Write out the lines below exactly, beginning at the one with "[With:] Cabinet card" and stopping after the one with "Zoll fabelhaft reinigen."; the pictures are not copied.

-- Dataset excerpts --
^^^^^^^^

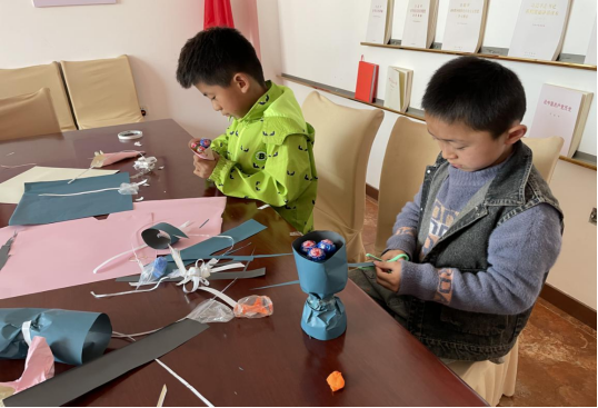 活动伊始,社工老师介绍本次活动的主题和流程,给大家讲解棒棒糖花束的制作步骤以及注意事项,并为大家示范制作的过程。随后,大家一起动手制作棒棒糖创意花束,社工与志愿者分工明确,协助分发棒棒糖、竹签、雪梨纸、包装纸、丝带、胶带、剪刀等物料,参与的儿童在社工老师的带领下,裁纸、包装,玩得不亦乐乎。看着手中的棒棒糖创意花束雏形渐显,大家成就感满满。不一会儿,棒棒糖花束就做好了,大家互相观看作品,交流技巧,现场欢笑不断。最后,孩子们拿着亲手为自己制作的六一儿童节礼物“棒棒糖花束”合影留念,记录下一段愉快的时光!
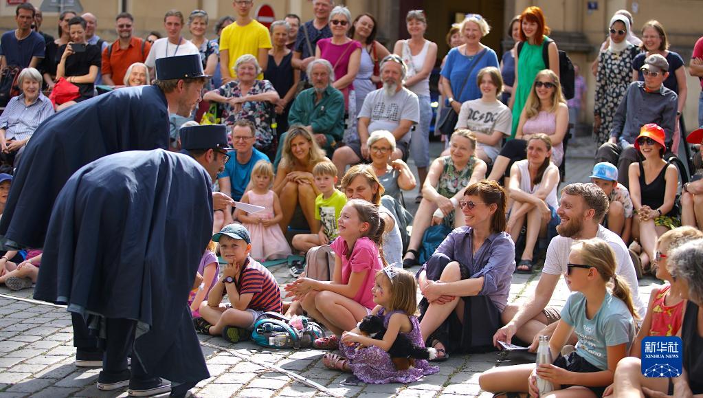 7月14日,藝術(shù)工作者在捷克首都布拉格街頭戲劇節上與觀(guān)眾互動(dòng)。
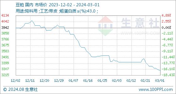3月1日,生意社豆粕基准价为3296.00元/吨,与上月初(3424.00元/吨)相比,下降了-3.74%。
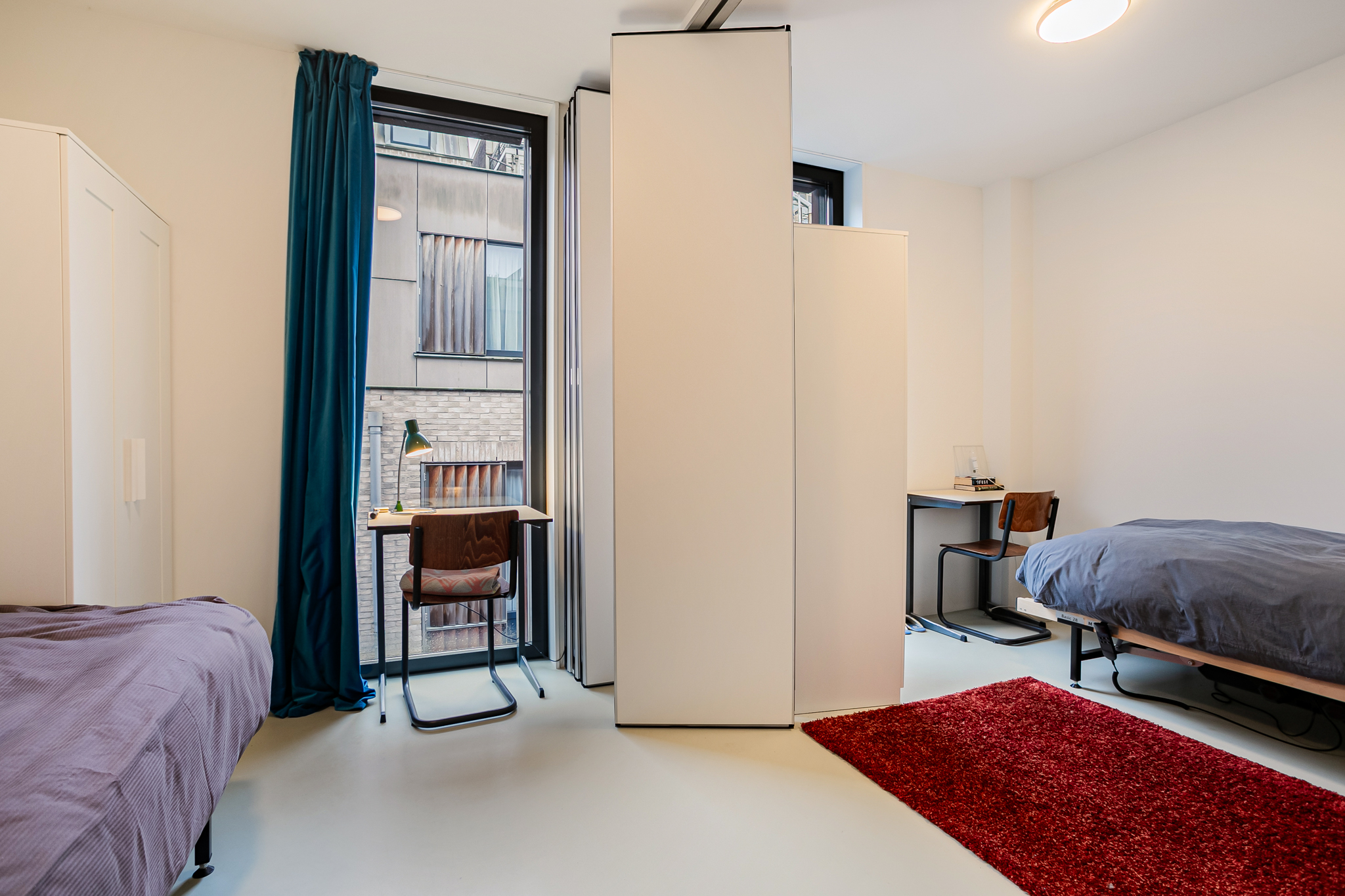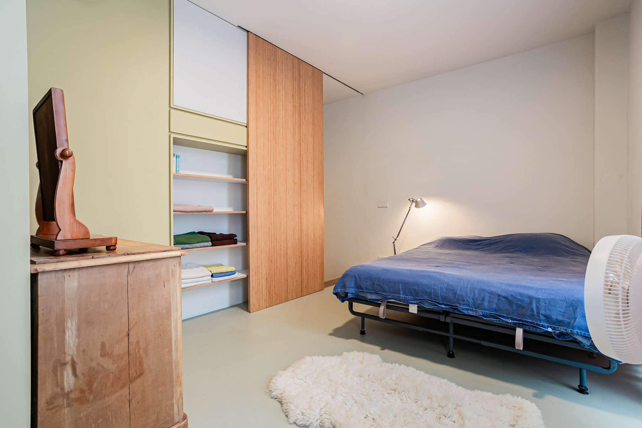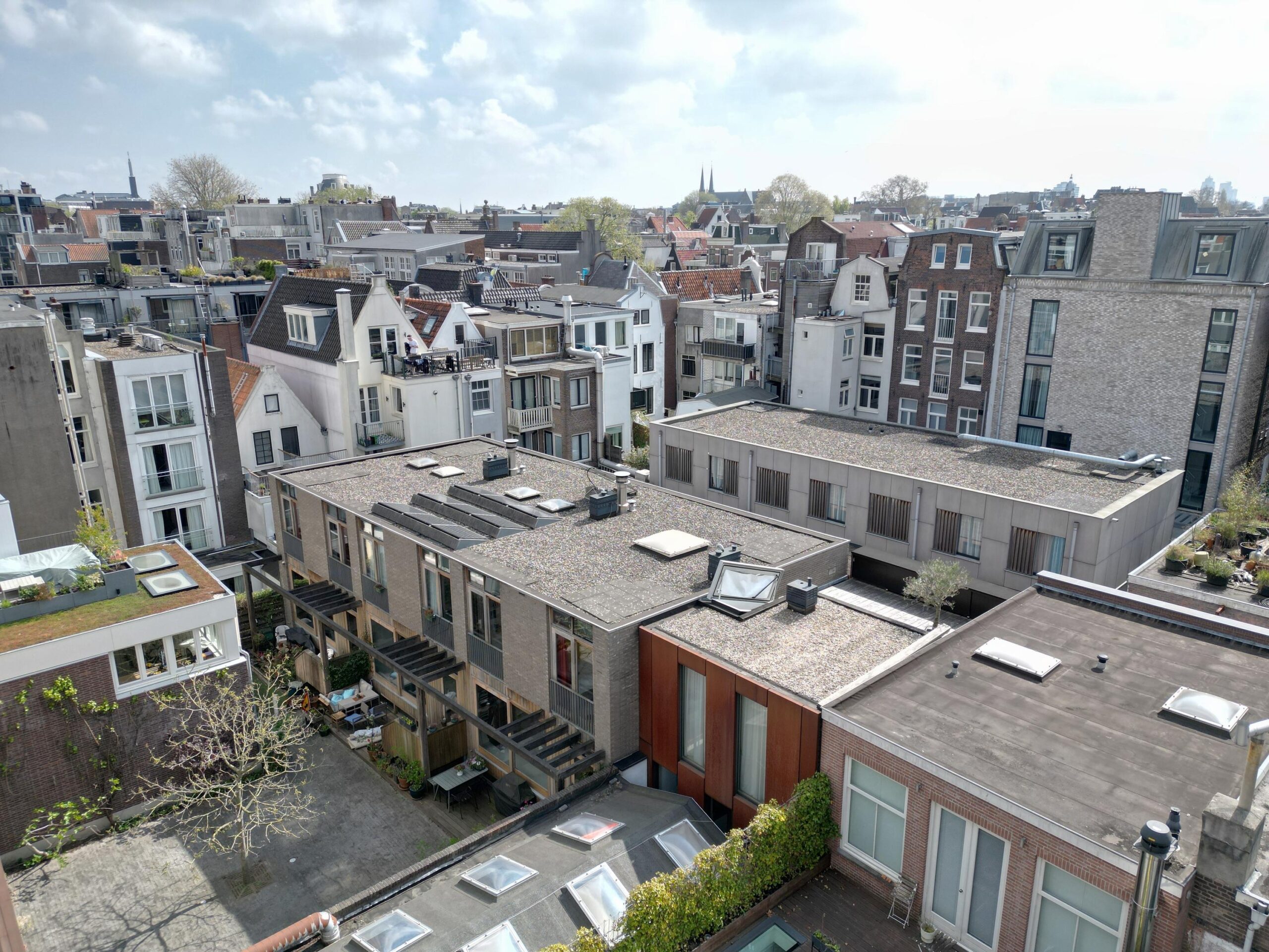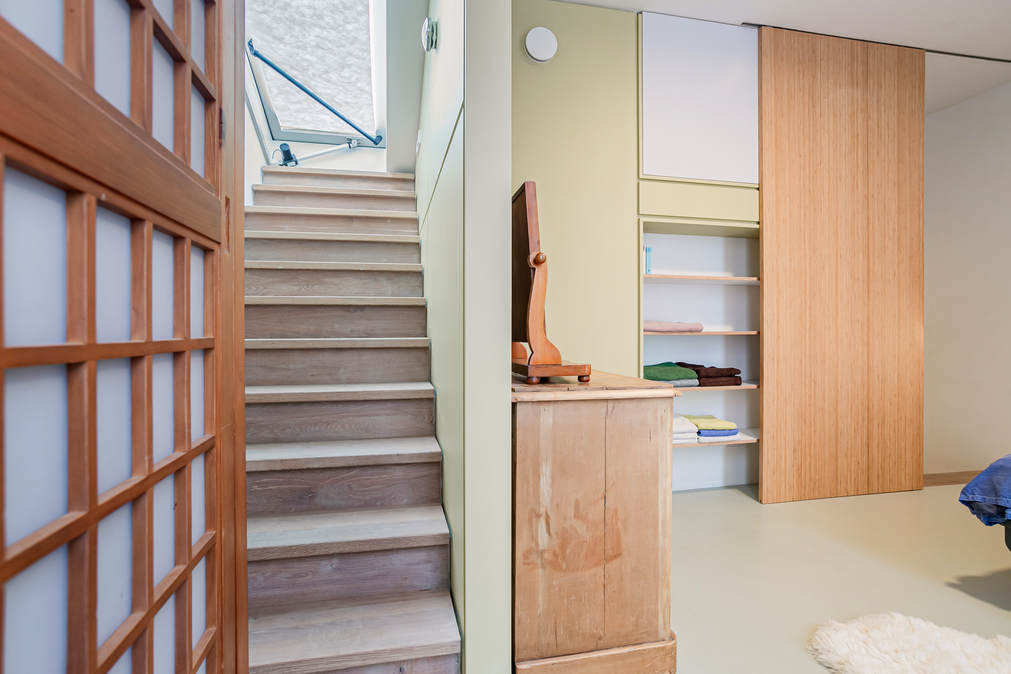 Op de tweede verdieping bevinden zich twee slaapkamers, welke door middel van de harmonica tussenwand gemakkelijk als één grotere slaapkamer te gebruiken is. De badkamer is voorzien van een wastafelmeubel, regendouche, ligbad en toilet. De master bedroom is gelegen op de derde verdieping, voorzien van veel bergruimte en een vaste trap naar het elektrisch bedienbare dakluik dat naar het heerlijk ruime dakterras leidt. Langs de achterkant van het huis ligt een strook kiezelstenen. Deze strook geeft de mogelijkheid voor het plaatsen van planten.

^^^^^^^^

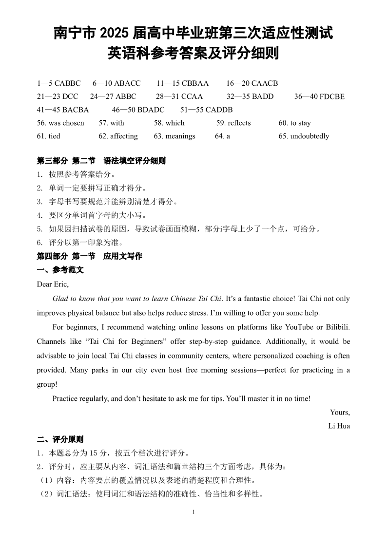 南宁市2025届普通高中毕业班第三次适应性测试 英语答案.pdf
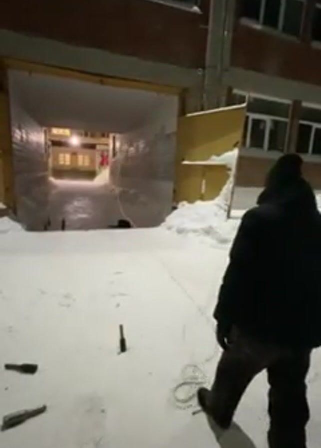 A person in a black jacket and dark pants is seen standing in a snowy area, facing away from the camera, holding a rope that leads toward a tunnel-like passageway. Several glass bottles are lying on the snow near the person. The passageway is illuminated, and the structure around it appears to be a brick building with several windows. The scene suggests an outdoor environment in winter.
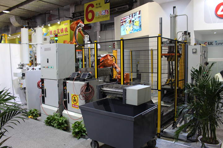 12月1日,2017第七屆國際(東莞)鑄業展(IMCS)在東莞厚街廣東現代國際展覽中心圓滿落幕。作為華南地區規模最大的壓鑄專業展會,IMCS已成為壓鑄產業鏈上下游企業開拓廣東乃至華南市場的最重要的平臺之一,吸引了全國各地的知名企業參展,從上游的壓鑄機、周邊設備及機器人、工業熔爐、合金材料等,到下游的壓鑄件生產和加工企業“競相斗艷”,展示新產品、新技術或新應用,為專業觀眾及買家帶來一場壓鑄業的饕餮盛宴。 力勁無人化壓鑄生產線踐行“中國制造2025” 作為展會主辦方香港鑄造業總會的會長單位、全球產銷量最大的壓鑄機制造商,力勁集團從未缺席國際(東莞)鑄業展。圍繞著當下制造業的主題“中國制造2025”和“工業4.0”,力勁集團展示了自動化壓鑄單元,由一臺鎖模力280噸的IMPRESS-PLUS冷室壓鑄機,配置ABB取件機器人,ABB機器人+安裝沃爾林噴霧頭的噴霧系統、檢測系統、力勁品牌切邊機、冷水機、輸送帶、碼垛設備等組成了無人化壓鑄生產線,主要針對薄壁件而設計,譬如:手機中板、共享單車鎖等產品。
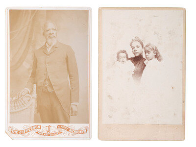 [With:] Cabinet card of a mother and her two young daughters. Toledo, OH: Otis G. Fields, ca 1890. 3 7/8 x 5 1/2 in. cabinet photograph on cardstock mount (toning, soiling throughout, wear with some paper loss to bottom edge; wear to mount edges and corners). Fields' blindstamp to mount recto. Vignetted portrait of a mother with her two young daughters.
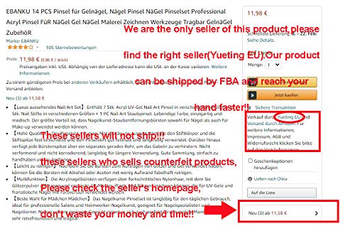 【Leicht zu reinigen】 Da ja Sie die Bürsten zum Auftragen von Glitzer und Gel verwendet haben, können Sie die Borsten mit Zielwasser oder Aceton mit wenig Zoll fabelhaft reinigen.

^^^^^^^^

-- Response --
 [With:] Cabinet card of a mother and her two young daughters. Toledo, OH: Otis G. Fields, ca 1890. 3 7/8 x 5 1/2 in. cabinet photograph on cardstock mount (toning, soiling throughout, wear with some paper loss to bottom edge; wear to mount edges and corners). Fields' blindstamp to mount recto. Vignetted portrait of a mother with her two young daughters.
 【Leicht zu reinigen】 Da ja Sie die Bürsten zum Auftragen von Glitzer und Gel verwendet haben, können Sie die Borsten mit Zielwasser oder Aceton mit wenig Zoll fabelhaft reinigen.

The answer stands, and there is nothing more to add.